Running ci:preflight

hogli ci:preflight scopes a curated set of checks to the files your branch touched — each mapped to a CI failure class that has taken master down — plus an always-on branch-freshness check. It is the pre-push counterpart to hogli ci:insights (what is already broken on master).

The pre-push hook runs ci:preflight --strict automatically and blocks the push on failed checks. Never bypass it with --no-verify — fix what it reports instead.

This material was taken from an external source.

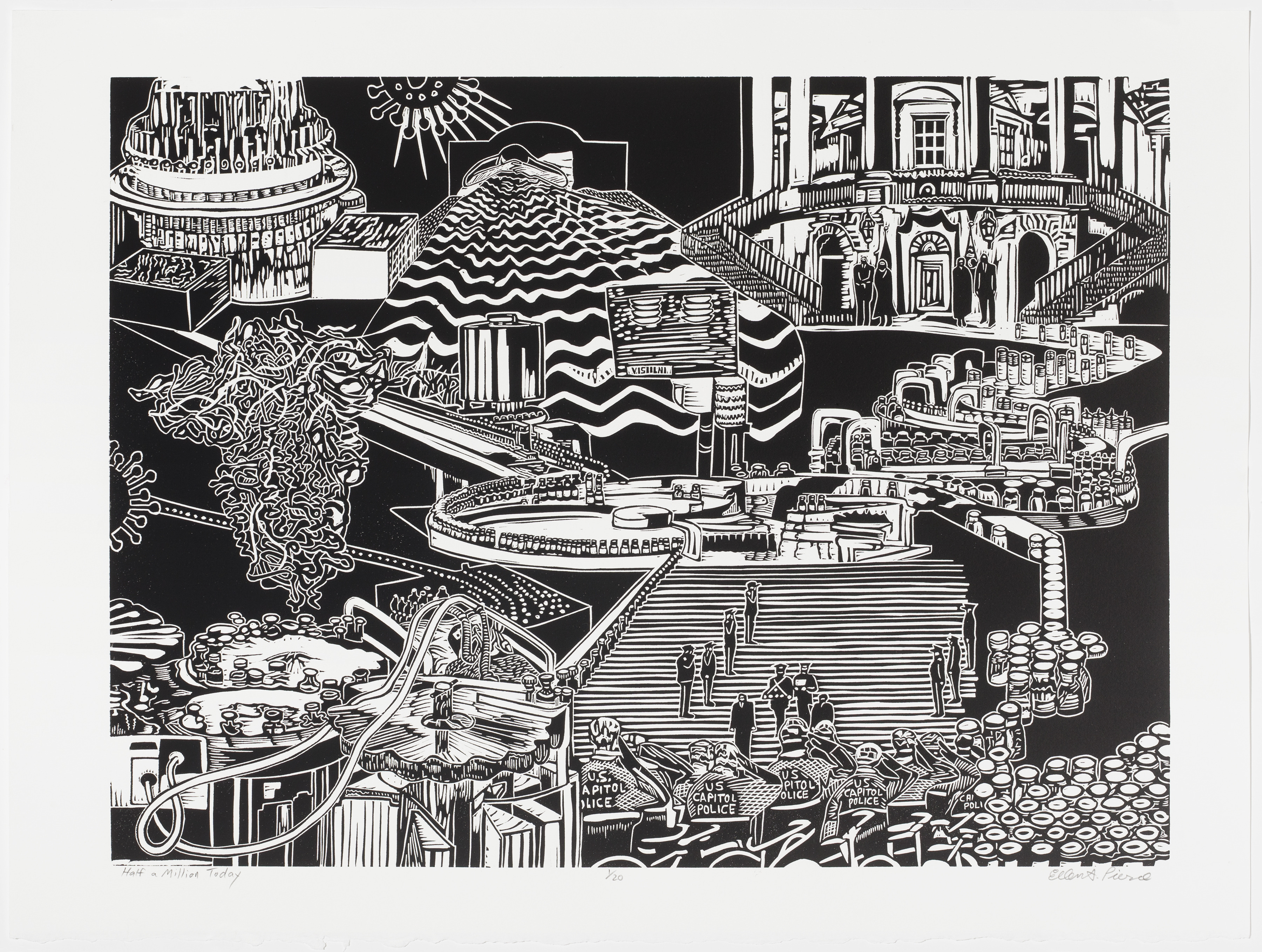 An abstract linoleum print, proofed with black ink and carved to reveal details in white. In the top right corner is a depiction of the White House, four people wearing COVID masks stand in front of it. Following a factory line from the front of the white house, down throughout the piece are small objects that resemble vaccine vials that gather in the bottom right corner and also come from other conveyor belts from the left. Beneath the White House are a large set of steps, lined with officers, at the bottom of the steps a procession of US Capitol Police officers stand in a salute. Next to the White House at the top of the piece is a person lying in a bed, a COVID cell covering a sun ray above them. To the left of the bed is a crumbling colosseum. Below the colosseum is a tangle of intersecting lines, and below it, stacks of mushroom-like shapes.

The loop (when the hook blocks, or before reporting done)

hogli ci:preflight --fix
  1. Run with --fix — it formats, lints, and auto-fixes what is safe.
  2. Read each line: ✓ pass, ✗ fail, → advisory (do it yourself), · skipped (capability absent).
  3. Resolve every ✗ fail — these are what --fix could not (real lint error, broken lockfile, migration conflict). These block the push.
  4. Act on every → advisory — e.g. openapi advisory → run hogli build:openapi and commit the drift; staleness advisory → git merge origin/master. Advisories never block, but ignoring them ships the failure to CI.
  5. Re-run until clean, then push.

Notes

  • Strict = failures only. --strict (what the hook runs) exits non-zero only on ✗ fail — advisories are unverifiable-locally classes, so they warn without blocking. A clean exit means "nothing left to fix", not "CI will pass" — CI stays the authoritative gate.
  • Staleness is risk-based. It fires when merging master now would actually break something — textual merge conflicts (computed via git merge-tree, working tree untouched), migrations added on both sides, generated-file inputs changed on both sides, or CI workflows changed on master — plus a behind/age backstop, aggressive by default (5 commits / 2 days; env-tunable via HOGLI_PREFLIGHT_STALE_COMMITS/HOGLI_PREFLIGHT_STALE_DAYS) so we over-warn to start and tune down from telemetry. Merge master in when it fires. Advisory only, never auto-merged.
  • · skipped (needs stack/node) is expected on a bare checkout or sandbox. Start the stack with hogli start to run those, or let CI cover them. No hooks in your environment (no node_modules)? Run the loop yourself before pushing.
  • Flags. --against <ref> diffs against an explicit base; --json emits a machine-readable summary.
  • Kill switch. HOGLI_PREFLIGHT_DISABLED=1 makes the command (and the hook) a no-op with exit 0. It is a rollout/emergency lever — respect it; never unset it to force a run.

Why it matters

Drafts already run a trimmed CI subset; the expensive waste is a ready PR that fails the full matrix on something deterministic, gets fixed, and re-runs the whole matrix. Catching that locally is the cheapest CI saving available.